Or, tandis qu’atterrés, Jude et Jean regardaient ainsi couler devant eux le sang noir de l’usine, sur Thérèse et sur Marc, une rafale aussi passait.

Dès l’entrée dans la maison de Servin, aidés par le domestique, ils avaient dû monter Lethois dans une chambre du premier étage et prendre d’urgence les mille dispositions que nécessite en tous lieux l’installation d’un malade.
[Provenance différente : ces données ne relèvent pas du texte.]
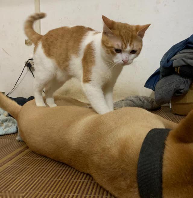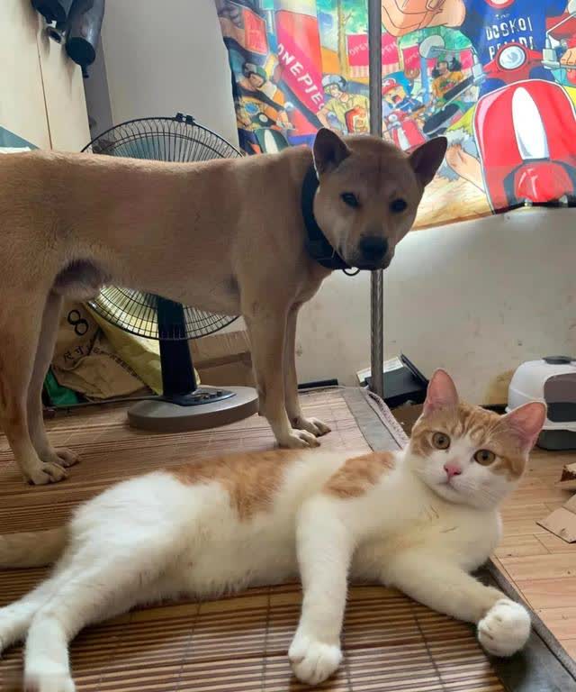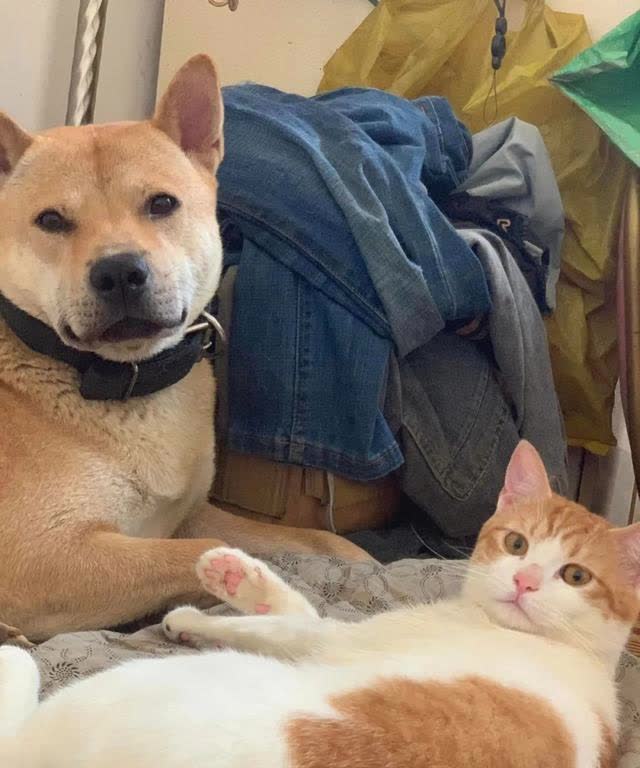 在广西工作的网友@冯国峰原本养了只帅气的狗狗,叫可可,但去年中秋又偶遇了一只小橘猫,从此家里就更热闹了!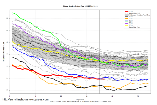 Sea Ice Extent (Global Antarctic and Arctic) – Day 35 – 2019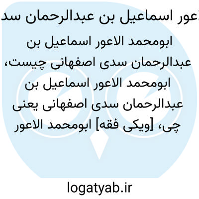 [ویکی فقه] ابومحمد الاعور اسماعیل بن عبدالرحمان سدی اصفهانی، از راویان و مفسرین مشهور قرن دوم هجری در اصفهان بوده است.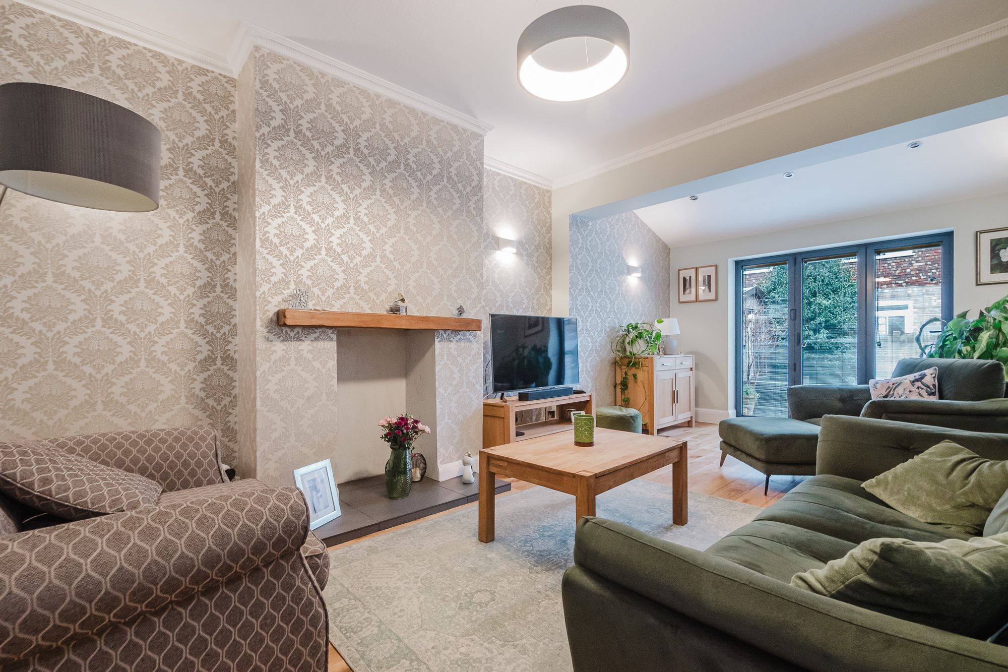Upon entering, a welcoming hallway leads to two generous reception rooms, perfectly suited to both everyday living and entertaining. The main living area enjoys an abundance of natural light, creating a warm and inviting atmosphere, while the second reception room provides excellent flexibility as a dining room, home office, or cosy snug.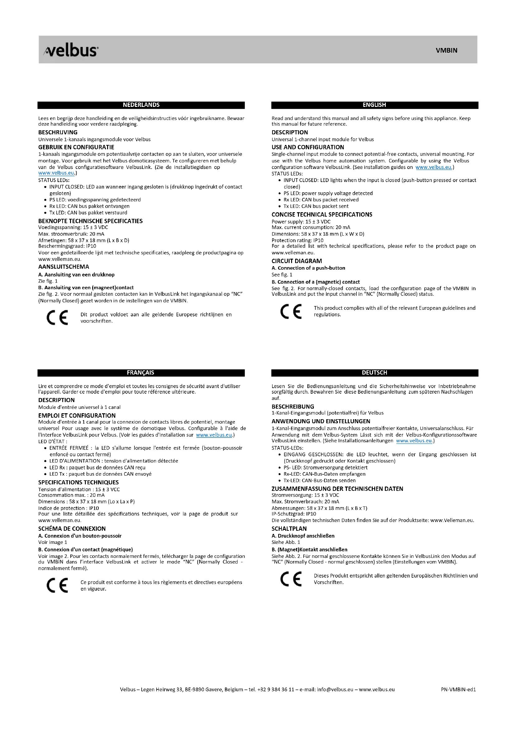 Retrouvez gratuitement la notice de l'appareil VMBIN Velbus au format PDF.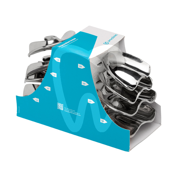 30 days return guaranteePack of 8 impression trays for patients with no teeth. Made of non-perforated stainless steel. With retention lip. Contains 4 upper impression trays and 4 lower impression trays. Sizes: U6, U7, U8, U9 and L6, L7, L8, L9.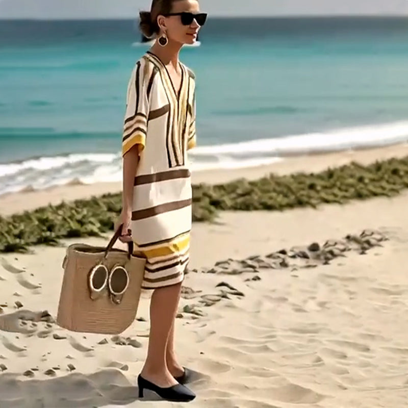 Setze auf stilvolle Raffinesse mit dem Kristen | eleganten Damenkleid mit V-Ausschnitt und Streifenmuster. Jetzt bestellen und deinen Look perfektionieren!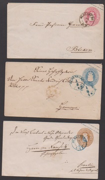 Ganzsachen 1 bis 3 Gr., drei gebrauchte Prachtcouverts, Mi. 550,-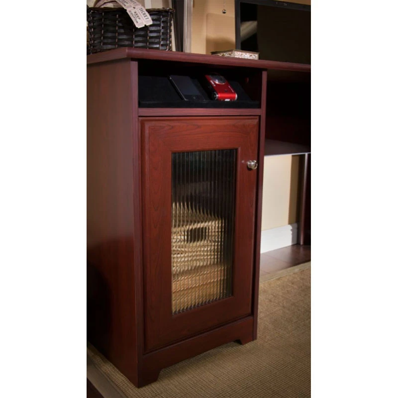 * Concealed storage cabinet in L Shaped Desk features stylish fluted glass door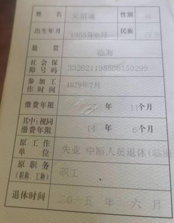 我叫元某通,男,今年69岁,浙江临海人。在1979年,本人用正现手续,通过劳动局进入临海铸造机械厂接老人班工作,在1993年4月1日签订直至退休的劳动合同。该企业无视《劳动法》等相关法律法规的规定,到1995年无故剥夺了员工的劳动权利,还中断了缴纳社保的法定义务,造成本人法定退休视同缴费年限。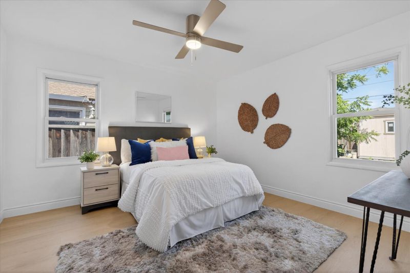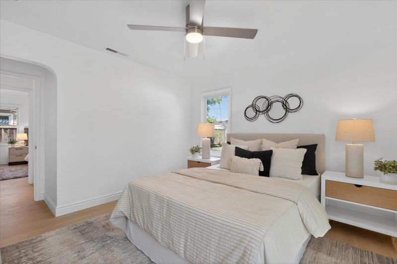 Home shows great! New luxury vinyl rigid flooring(100% waterproof and 100% virgin PVC), new 5 inch baseboard, new exterior & interior paint, new interior lights, new ceiling fans, coffered ceiling in living room & dining room, new plugs, new switches, new exterior laundry room door, new gate & more. New roof 4/25 with 10 year workmanship warranty. Bedrooms, living room, kitchen and dining room all have two windows in each room. Natural sunlight abounds The kitchen features quartz countertops, island, 5 burner gas stove, microwave, dishwasher, refrigerator with water new exhaust fan, garbage disposal, recessed lights, fan, pantry & garden window. The bathroom offers dual flush toilet, separate tub, and stall shower. Laundry amenities include washer, dryer & utility tub/sink. Additional features include small office, central Air Conditioning, central forced air heating, double-pane windows, bedroom closets with lights, detached finished two car garage, tuff shed and extra long driveway. Breakfast bar & formal dining room. Detached two car garage, extra long driveway & Meyer lemon tree. Home is in a high cost area purchase program that offers up to $26,881 in agency credits for an interest rate buy down.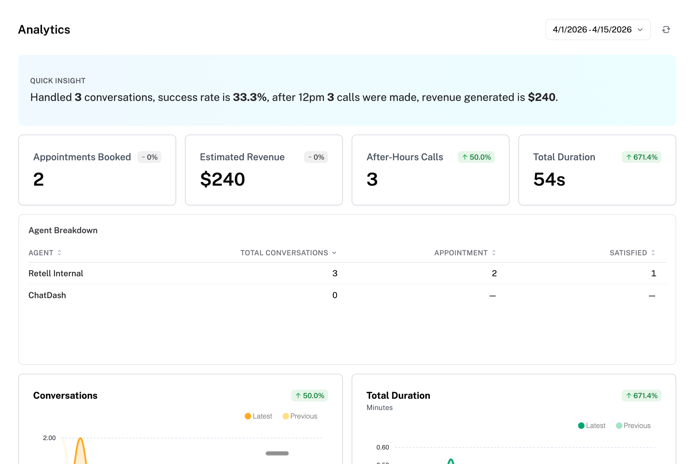 Agent Breakdown Tables — side-by-side comparison of every agent's performance with columns you choose (conversations, call duration, success rate, custom values, and more)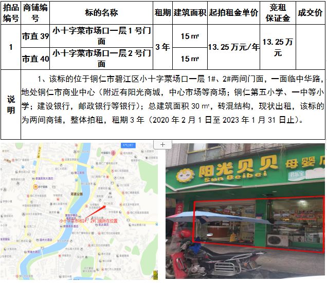 1、小十字菜市場(chǎng)口一層1-2號(hào)兩間門面3年租賃權(quán)(總建筑面積30㎡);起拍租金單價(jià):13.25萬(wàn)元/年;競(jìng)租保證金:13.25萬(wàn)元;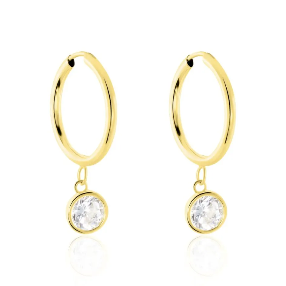 Creoles Or Jaune 375/1000 Pampilles Oxyde De Zirconium Serti Clos Gm

En hâte, il avait fallu allumer des réchauds, fouiller les placards à linge, écarter les rideaux de lit pour faciliter l’accès de l’air, fermer ceux des croisées pour atténuer la lumière. Active et silencieuse, Thérèse rôdait sans étonnement à travers les pièces inconnues. A l’arrivée, Servin avait sauté à bas du siège et dit : « Voici les clés, faites comme chez vous ; moi, je ne puis rester. » Thérèse avait répondu : « C’est bien », et depuis s’était sentie chez elle. De même, Servin avait dit au domestique : « Quand on n’aura plus besoin de toi, tu iras chercher le docteur Pontillac. » Thérèse encore avait répliqué : « J’y veillerai », et bien que la venue de Pontillac lui fût désagréable, elle avait tenu parole. Elle trouvait normal et nécessaire que les désirs de Servin fussent exécutés. Elle n’avait pas le loisir de s’apercevoir que cette soumission au maître absent lui causait du plaisir. Marc avait également oublié l’heure, le lieu et lui-même. Seul Lethois restait insensible au milieu de ce bouleversement. Une fois son corps mince glissé sous les couvertures, sa tête blafarde enfouie dans l’oreiller blanc, il avait eu l’air de disparaître.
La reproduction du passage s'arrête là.